Rafe raised his hands, not to hit, but to move his fingers in a complicated pattern that only made fucking sense if he was trying to speak ASL or trying to cast a spell on her. Since she doubted he had suddenly discovered a passion for silent communication, the latter seemed more likely. Nora abandoned her punching strategy and slammed her elbow into the hollow of his throat, bringing her knee up to his groin at the same time.

Rafe’s hands stopped moving. He made a small, choked sound and fell, collapsing unconscious to the ground. She felt a sizzling sensation, as if she had brushed against the edge of an electric fence, and her skin drew tight in terrified goose bumps as Damastes laughed again, this time in sheer, unbridled delight.

The wards were down.

Nora spun to see the nightmare Adonis bearing down on her. Edwards shouted and flung the knife aside, supplicating himself to the murder god he had worked so long and so hard to subjugate. It was too little, too late—if there had ever been a chance Damastes would see the Children of Phonos as a useful tool, it had ended when Rafe Bogdani became their guiding hand.

And now Rafe Bogdani ended, as Damastes smashed a heavy heel down on Rafe’s skull, pulping the sorcerer’s face with a hideous crunch. The murder god never slowed as he powered forward and fell upon Edwards, tearing the man limb from limb in an explosion of entrails and unspeakable fluids that showered the scene in a rainbow of gore. Anastasia screamed, high and shrill. The girl’s mind would have been shattered forever, of that there was no question, had Xanthe not suddenly appeared between her and the body of her father. Xanthe used her thin frame to shield the girl from the bulk of that terrible tide.
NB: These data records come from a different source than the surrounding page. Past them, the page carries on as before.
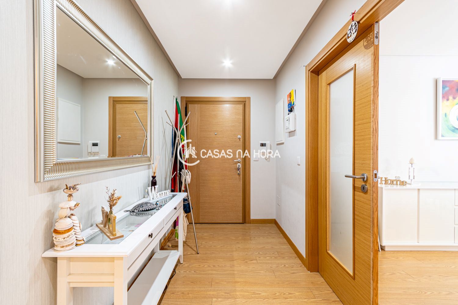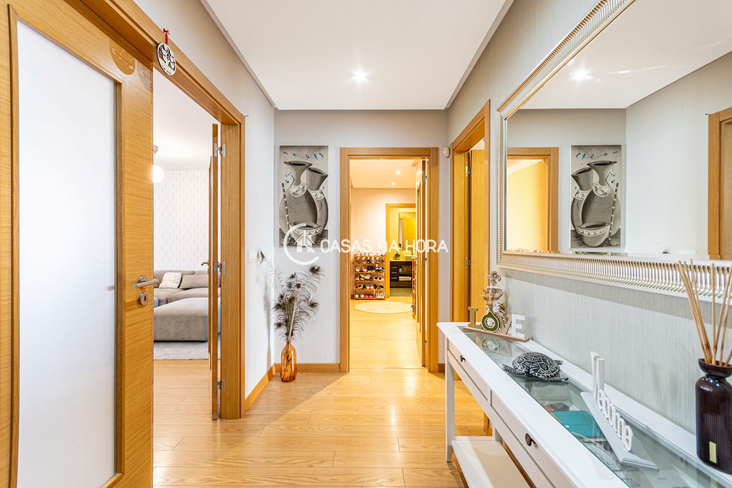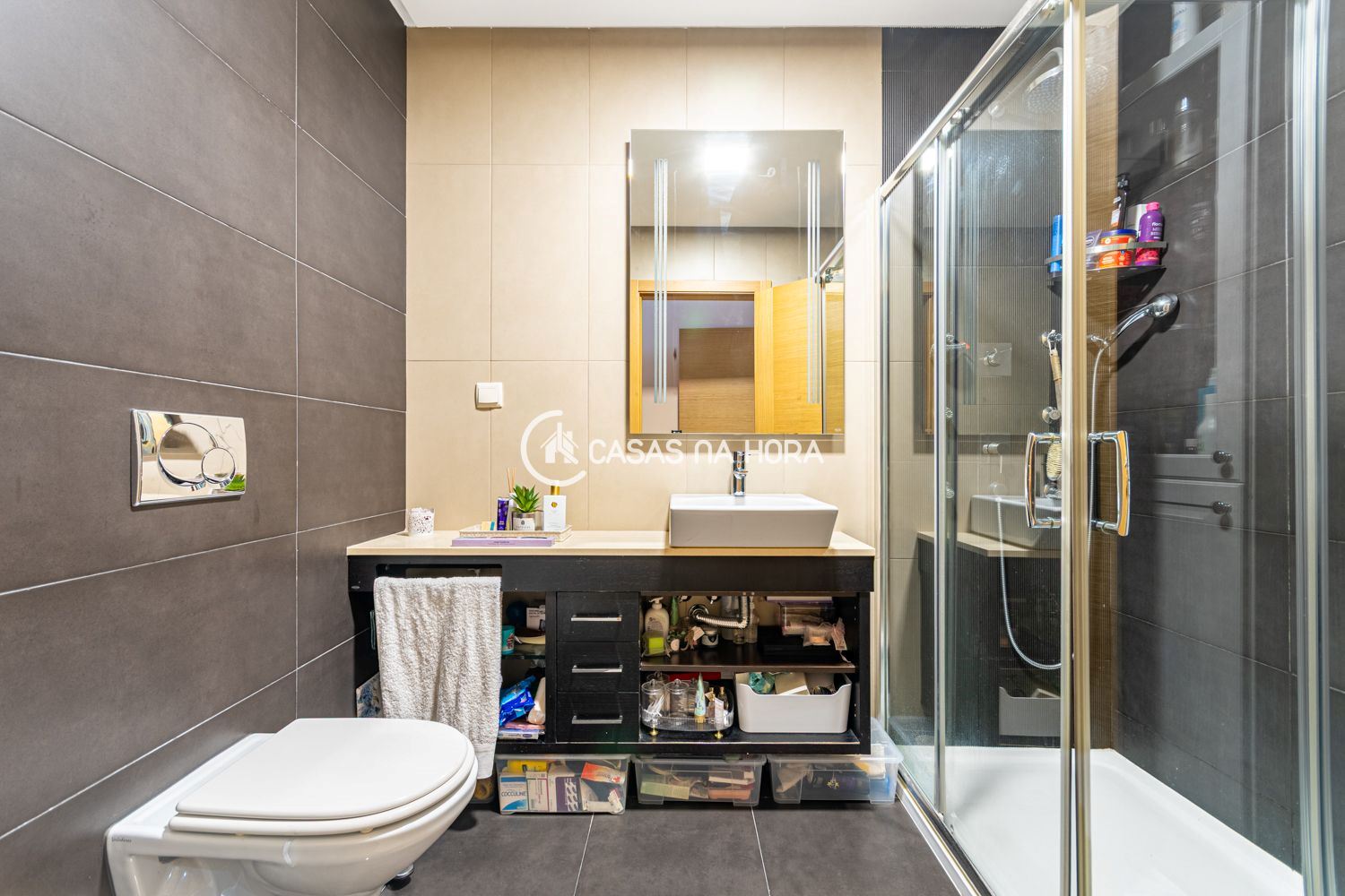 Suíte com 16 m², roupeiro embutido (3 portas), acesso ao terraço e luz natural. Casa de banho privativa com duche de hidromassagem e toalheiros aquecidos.
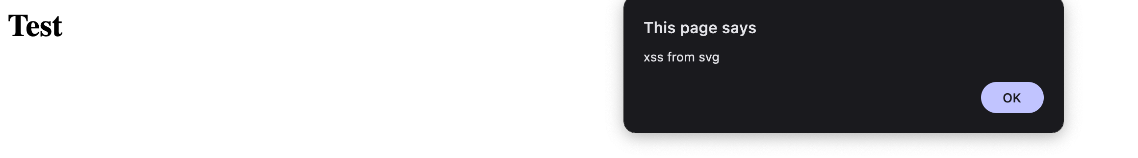 # Trusting file extension @app.route("/profile/<user_id>") def profile(user_id): svg = open(f"uploads/{user_id}.svg").read() return f"<div class='avatar'>{svg}</div>" # The attacker uploads a file containing <svg xmlns="http://www.w3.org/2000/svg" width="100" height="100"> <[script]>alert('xss from svg')<[/script]> </svg>
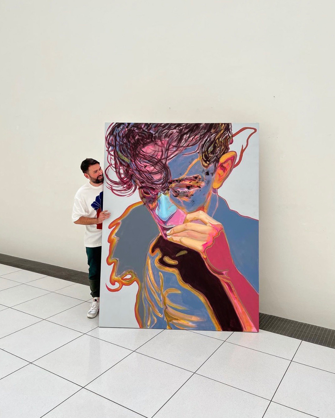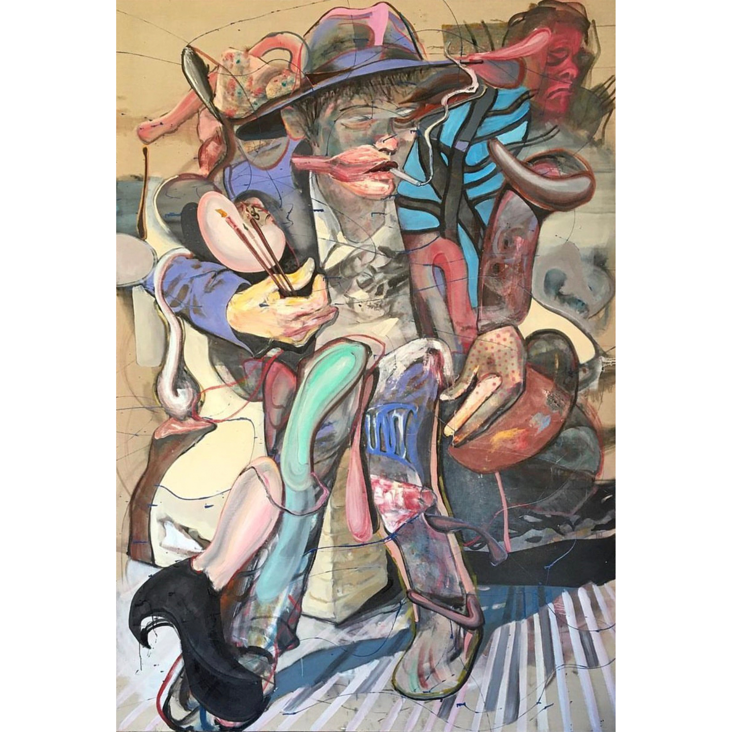 Tomas Jetela(1986年)在捷克藝術界的幾代人中是出類拔萃的,因為他是一個一貫的形象主義者。這位作者的風格可以說是富有表現力的、原始的和真實的,他通過自己的作品表達了另一個層面的情感和背景。在這個測量中起關鍵作用的術語中,有一個詞是表達。一方面,它與不斷努力以集中的方式觸及內在的一面有關,或者相反,空出他的臉,在那裡,連同對手勢的強調,他主要集中於他的繪畫注意力。另一方面,它包括一個獨特的表達方式,構成他的視覺信息的基礎。事實上,在生產特定的形式表達的過程中,基於繪畫、素描和拼貼的自由組合。他的繪畫與繪畫的線性和書本或雜誌的剪報相連,也是他目前視覺手稿的起點。他的工作方式--它允許他創造性地使用個別媒體的其他品質來幫助圖像的情感方面,表明一個意想不到的背景或影響他的構圖的重點。
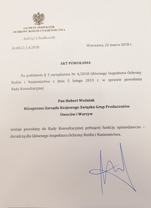 Poniżej akt powołania dla Pana Huberta Woźniaka
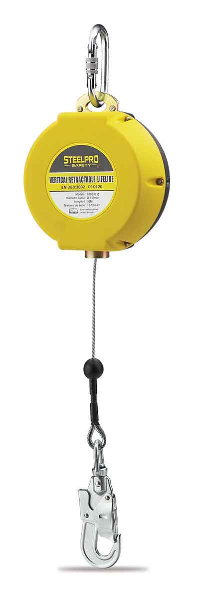 Mosquetón de acero y mosquetón anti-vueltas (evita la torsión y rotura del cable), con indicador de caída.
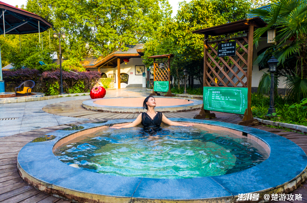 楚天瑶池温泉是“华中第一泉”的沸潭牌坊所在地,内有十大类40多个功能各异的特色温泉池,集天然度假温泉、园林别墅、星级客房、特色餐饮、康乐休闲、洗浴桑拿、理疗养生、商务会议为一体。
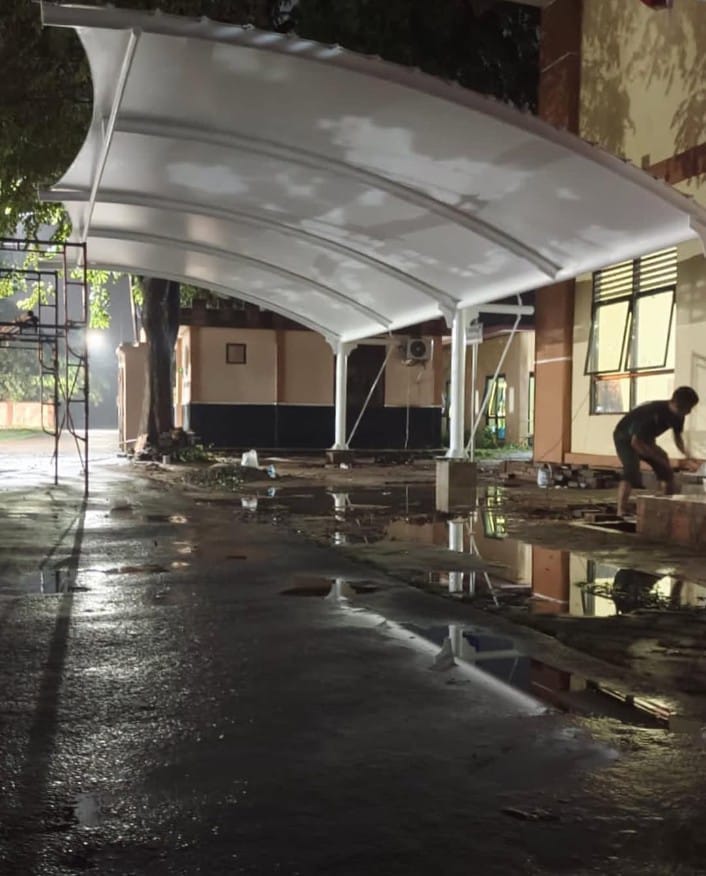 Foto-foto berikut merupakan dokumentasi asli dari proses produksi dan pemasangan canopy oleh tim Srijaya Canopy.

Damastes snarled and batted Xanthe aside, much as he had Selene—but this slaughter nun received far less of his attention: his claws were sheathed, reserved for a better target. Anastasia, still screaming. Anastasia, whose death would complete the ritual, not to bind him, but to free him completely into the world. Without Nora. Without the guiding hand of justice. Without anything to hamper him.

“I’ve won!” he howled, delighted malice in his voice. He glanced over his shoulder to the woman who had been his home for so many years, eyes narrowed and calculating. “When you’re dead, I’m going to fuck your corpse until it screams.”

Trite, snapped the voice of Shelby.

Nora, frantic, cast around. Weapons were useless, she knew that, but it was better to die with a knife in her hand than with nothing but the blood that coated her fingers. At least then she could say she’d tri—

Damastes was moving, Damastes was bringing his claws down toward Anastasia’s throat, and the girl wasn’t screaming anymore, the girl was frozen in her fear at her impending death, the girl was a rabbit ripe for the slaughter, and this could not happen this could not happen this could not happen.

“No!” howled Nora in a voice that could have rivaled Damastes’s own.

The murder god froze.

Trite and stupid, murmured the Shelby side of her.

“What?” Nora’s voice was a whisper or a broken scream.